SDN: https://bugzilla.redhat.com/show_bug.cgi?id=1698525 catalog-operator: https://bugzilla.redhat.com/show_bug.cgi?id=1698530 olm-operator: https://bugzilla.redhat.com/show_bug.cgi?id=1698533
Reassigning this to the master team, as we've done everything on our side and we need their support now.
*** Bug 1698722 has been marked as a duplicate of this bug. ***
As part of the fix for this. Re-enable the e2e tests for this in the cluster-monitoring-operator repo, that were disabled here: https://github.com/openshift/cluster-monitoring-operator/pull/318 In the future we will also make sure that this configuration is handled by the controller-manager-operator and scheduler-operator respectively, and remove any dependency for this from the cluster-monitoring-operator, as each component owns their own monitoring configuration. That's planned for 4.2, for 4.1 we just want working metrics for core components back :)

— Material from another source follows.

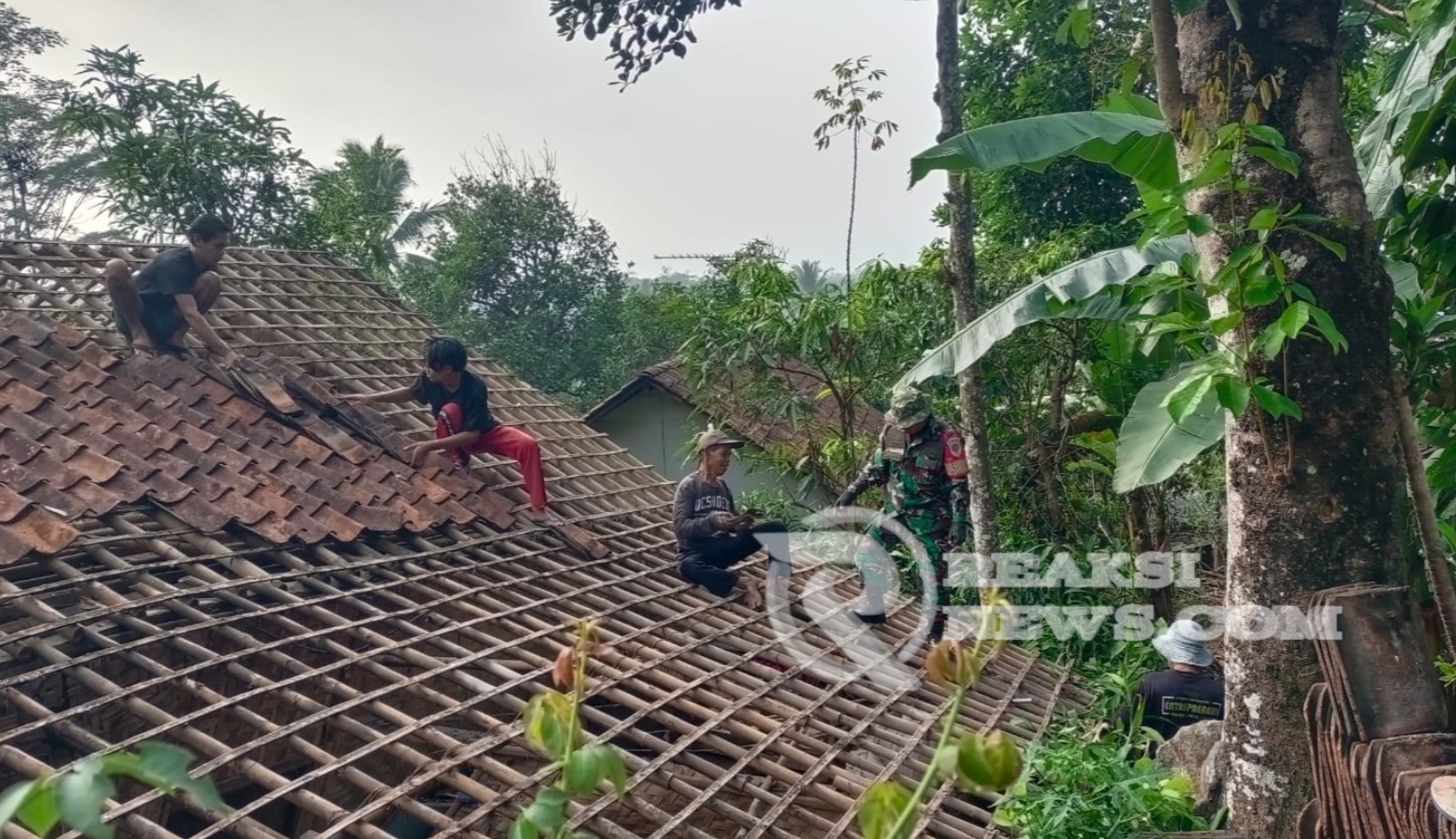Rumah yang terdampak angin puting beliung di desa tersebut, dengan kerugian materil genting rumah jatuh berserakan, dengan kejadian tersebut anggota Koramil 2203/Warungiara melalui Babinsa bersama Warga kerja bakti gotong-royong membantu pembenahan rumah warga korban terdampak.
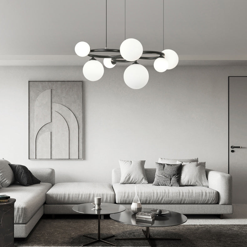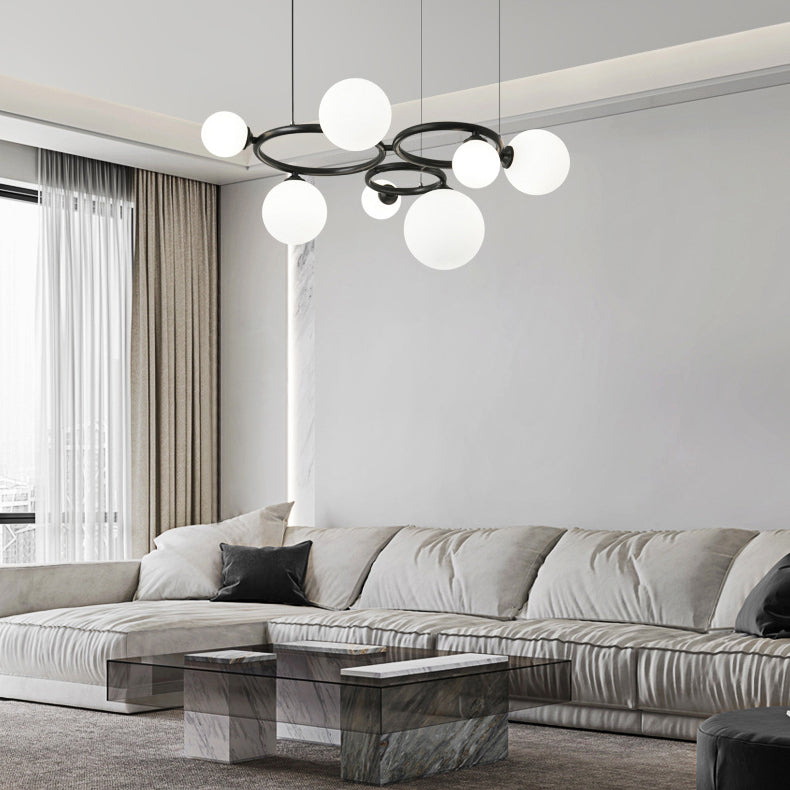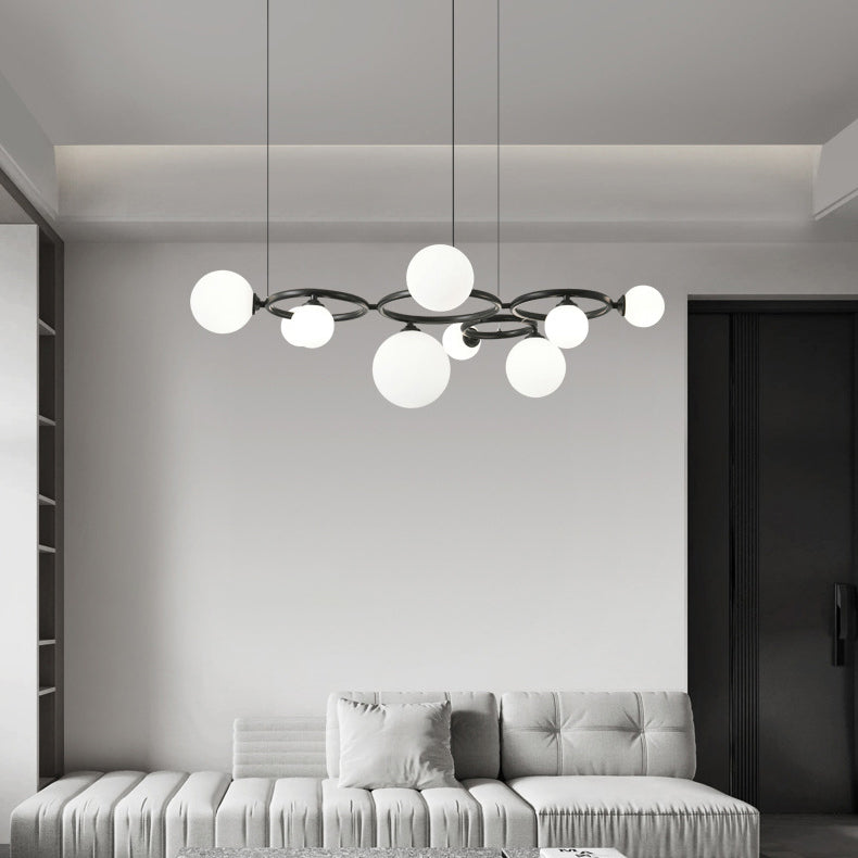 Modern Mid-century Copper Round Frame Glass Magic Bean 5/7/9-Light Molecular Light Chandelier For Living Room

controller manager moved to secure port after rebase: openshift-monitoring/kube-controller-manager/0 (0/3 up) Get http://10.0.139.202:10252/metrics: dial tcp 10.0.139.202:10252: connect: connection refused It is 10257 now (and HTTPS).
*** Bug 1700060 has been marked as a duplicate of this bug. ***
Moving to POST as all the PRs required to fix this have been opened.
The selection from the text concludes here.